Boeing is now among the world’s largest global aircraft manufacturers and operates through its subsidiaries, which include the following brands: Boeing Defence UK, Boeing Aircraft Holding, and Boeing Canada. With a worldwide coverage, the aerospace giant has five business sectors: Boeing Commercial Airplanes (BCA); Boeing Defense, Space & Security (BDS); Engineering, Operations & Technology; Boeing Shared Services Group, and Boeing Capital. Some of the most prominent products from its portfolio are the Boeing 737, 747, 767, 777, and 787 jet airliners; the CH-47 Chinook twin-engine helicopter; the Boeing 702 family of communication satellite bus, the McDonnell Douglas F-15 Eagle; and last but not least – the Boeing F/A-18E and F/A-18F Super Hornet.

Boeing’s corporate headquarters are located in Chicago, Illinois; and it is led by the American businessman Dennis Muilenburg, who has been the Chairman, President, and CEO of the company since 2015.

Boeing on the Stock Market

Boeing (NYSE: BA) is publicly-listed and traded on the New York Stock Exchange, and is included in the Dow Jones Industrial Average (DIJA), as well as in the S&P 100 and S&P 500 Components. With more than $3 billion invested in research and development each year, according to their statement as projected on their official website1; the company has always managed to contribute to the aerospace & defense sectors with spearheading and innovative designs and products, like the 787 Dreamliner airplane. Moreover, in 2014, NASA paid Boeing $4.2 billion for its CST-100 Starliner capsule2, under the Commercial Crew Program. SpaceX’s Crew Dragon was also included in the contract, with a $2.6 billion deal. The entire goal of the on-going mission is to replace the costly Russian Soyuz rockets and spacecraft with the two capsules, to facilitate the travels of NASA’s astronauts to and from the ISS. These futuristic and innovative plans and operations in which Boeing kept engaging made it an attractive stock for investors over the years, but it also helped it expand.
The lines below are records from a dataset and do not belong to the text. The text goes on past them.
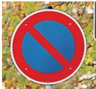
Hier sind maximal drei Minuten erlaubt, und längeres Halten ist nur in Ausnahmefällen möglich.

Erst wer sein Auto verlässt oder länger als drei Minuten hält, der parkt. Auf diese Regel in der Straßenverkehrs-Ordnung (StVO) weist die Prüfgesellschaft Dekra hin. Zeigt das runde Schild mit einem roten Balken quer durchs Blau ein eingeschränktes Halteverbot an, ist kurzes Halten somit erlaubt. Und es darf manchmal sogar länger dauern: Ausnahmen von der Drei-Minuten-Regel sind im eingeschränkten Hal-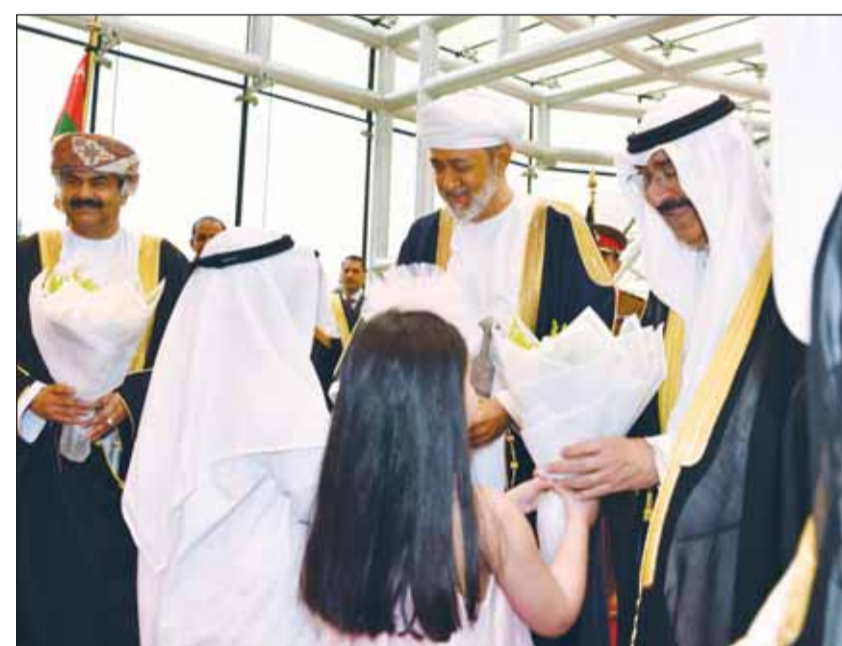
استقبال بالورد لسمو الأمير و سلطان عمان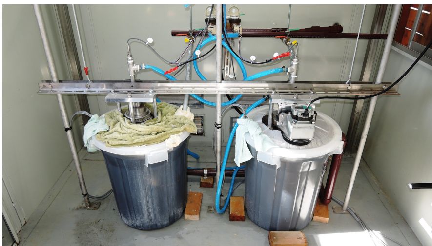
図3 実証試験の様子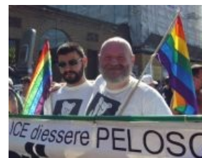
Бывшие участники Викиреальности ГСБ и Зукагой.

Джон Локк и Бенджамин Лайнус глазами конспирологов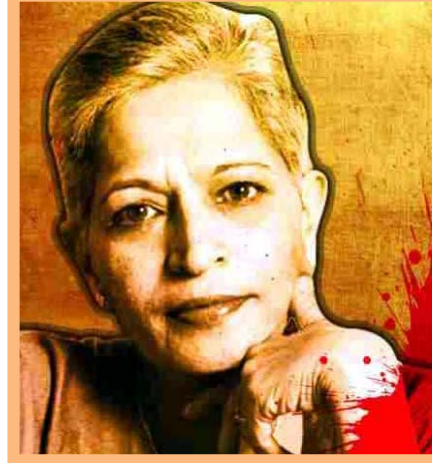
ഒരിക്കലും എഴുത്തിന്റെ പിന്നിലെ സത്യം കൊല്ലപ്പെടുത്തില്ല. ഓരോ കൊലപാതകത്തിന്റെ പിന്നിലും പ്രത്യക്ഷമായി നാമറിയാത്ത പലതുമുണ്ടാകാം. കൊലപാതകം ഓർമ്മയിലിരിക്കുന്നു. എഴുത്തിന്റെ പിന്നിലെ സത്യം കൊല്ലപ്പെടുത്തില്ല. ഓരോ കൊലപാതകത്തിന്റെ പിന്നിലും പ്രത്യക്ഷമായി നാമറിയാത്ത പലതുമുണ്ടാകാം. കൊലപാതകം ഓർമ്മയിലിരിക്കുന്നു.

കൊലപാതകങ്ങളുടെ ആവരണം നൽകുന്നതിന്റെ ഉദ്ദേശം. ഇതരമതങ്ങളുടെ പ്രാർഥനാലയങ്ങൾ ഒരു കാലത്ത് ഹിന്ദുക്കളേകൂടാതെ മറ്റുള്ളവർക്കും അവയോടൊരു കൂട്ടം കൂട്ടിക്കൊണ്ടിരിക്കുന്നു. മതേതരത്വത്തിൽ അവിശ്വാസം ജനിപ്പിച്ചു. അസംബന്ധമാക്കി സമാന്യ മതപരമായൊരു രൂപകങ്ങളിലും ഇടപെടുകയാണ് ഇതിന്റെ യഥാർത്ഥ ലോകത്തെ കീഴടക്കാമെന്ന് അവർക്കറിയാം. ദേശീയതയിലും അതിനായുമായ രൂപകങ്ങളിലും ഇടപെടുകയാണ് ഇതിന്റെ യഥാർത്ഥ ലോകത്തെ കീഴടക്കാമെന്ന് അവർക്കറിയാം. ദേശീയതയിലും അതിനായുമായ രൂപകങ്ങളിലും ഇടപെടുകയാണ് ഇതിന്റെ യഥാർത്ഥ ലോകത്തെ കീഴടക്കാമെന്ന് അവർക്കറിയാം. ദേശീയതയിലും അതിനായുമായ രൂപകങ്ങളിലും ഇടപെടുകയാണ് ഇതിന്റെ യഥാർത്ഥ ലോകത്തെ കീഴടക്കാമെന്ന് അവർക്കറിയാം.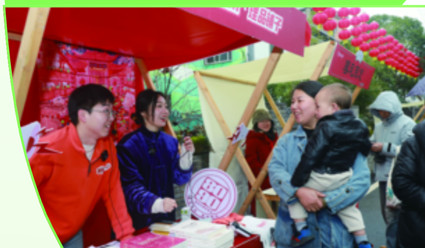
春礼市集人头攒动,游客们围在“理品铺子”前参加活动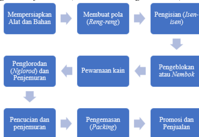
Gambar 1 Flowchart Proses Produksi Kain Batik Tulis

Tahapan pertama yang dilakukan yaitu proses pengumpulan data dan proses identifikasi ruang lingkup permasalahan dengan membentuk tim formasi ( team formation ) green productivity yang terdiri dari penulis, pemilik dan anak kandung dari Sanggar Batik Katura serta melakukan survei dan pendataan ( walk through survey ), berikut adalah alat yang digunakan, yaitu bagan alir ( flowchart ) dan keseimbangan bahan ( material balance ):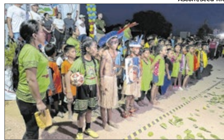
Evento reuniu 300 alunos e promoveu integração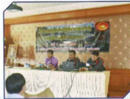
รณรงค์ป้องกันอุบัติเหตุในช่วงเทศกาล สงกรานต์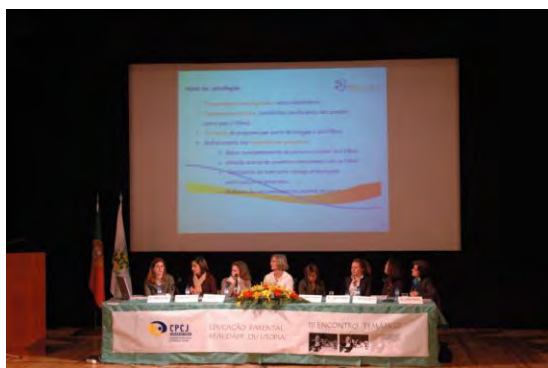
15 de Março de 2006 III encontro CPCJ's de Figueiró dos Vinhos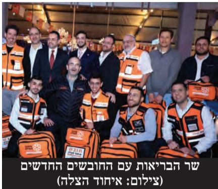
שר הבריאות עם החובשים החדשים

במהלך האירוע הגיע עו"ד אבישי ריינמן להודות לחובש שהציל את חייו לפני כמה חודשים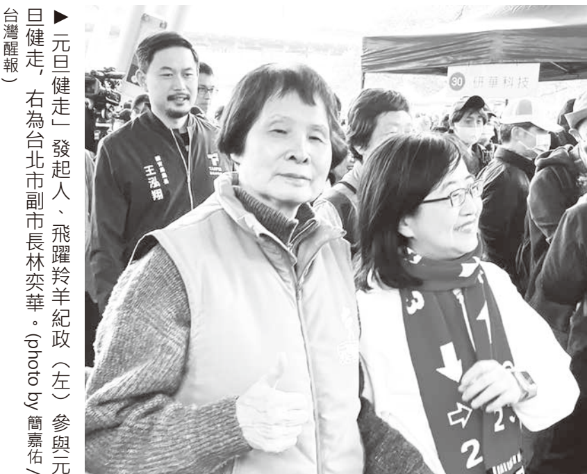
元旦健走活動1日盛大登場，有超過萬人共襄盛舉，包括「飛躍羚羊」紀政本次也參與健走，吸引許多民眾爭相合照。

【本報記者簡嘉佑台北報導】近萬名民眾排成長長人龍，沿著河濱的美景健走，元旦健走活動1日盛大登場！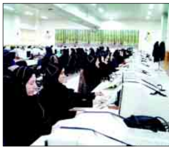
نگینگی بر دوش دولت تحمیل خواهد کرد.

چندوی رئیس جمعوری پیشنهاد تقلیل ساعات کار بانوان با توجه به نقشی‌های چندگانه خانوادگی و اجتماعی زنان و فشارهای جسمی و روانی ناشی از این سبب‌ها، تقلیل ساعات کار بانوان شاغل در دستگاه‌های دولتی، از ۴۴ ساعت به ۳۶ ساعت، از سومین مورد امور زنان و خانواده، به دولت ارائه شد و هم‌اکنون در دست بررسی است. براساس این لایحه، کلیه وزارتخانه‌ها، سازمانها، پوستات و دستگاه‌های دولتی، ماهی‌ها، افزاینده نیز توصیه شده است. متخصصان سرطان پروستات باشد، چندین مورد چربی در بدن بخصوص اطراف ارگانه‌های داخل که بیشتر در ناحیه در مرکز می‌شود، می‌تواند عامل خطرناک خاصی برای ابتلا به سرطان باشد. حتی اگر فرد زیاد چاق نباشد، ممکن است پروستات، غریب‌تر فرم، مزمن، بیاض، مملو بزرگی، تخمه انگبزرگ‌ها و دیگر انواع سبزیجات، میوه‌ها و حبوبات به عنوان یک رژیم غذایی سالم برای کاهش خطر ابتلا به سرطان توصیه می‌شود. البته ورزش و پیاده‌روی نیز راه‌های دیگری است چلوگیری از چاقی و افزایش وزن امری مهم و حیاتی است.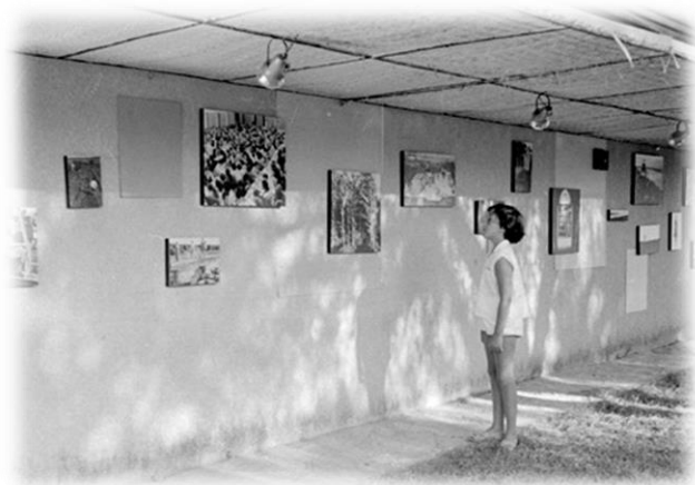
תערוכת הצילומים בחגיגת היובל 1961 מוצגת על קיר בית הילדים

עידית : כן, אני זוכרת. הייתי בכיתה ב'. הצילומים היו מודבקים על לוחות סיבית והוצגו על קיר בית הילדים שלנו מבחוץ. לנו לא נתנו להשתתף בחגיגה אך לא נרדמנו ושמענו את האורחים והמוסיקה שהתנגנה בסמוך, בחצר הגדולה.

The company used the profits3 from record jet sales in 2017 as projected on their official website to transition into additional business segments and announced its intentions to close a deal with the international high-technology group Safran (EPA: SAF), for the two companies to jointly design, build and service Auxiliary Power Units (APUs).

In November 2018, they received regulatory approvals for a joint venture. Shifting to the defense sector, which represents about 22% of Boeing’s annual sales4, 2018 has been a good year for the firm, under the supportive Trump administration.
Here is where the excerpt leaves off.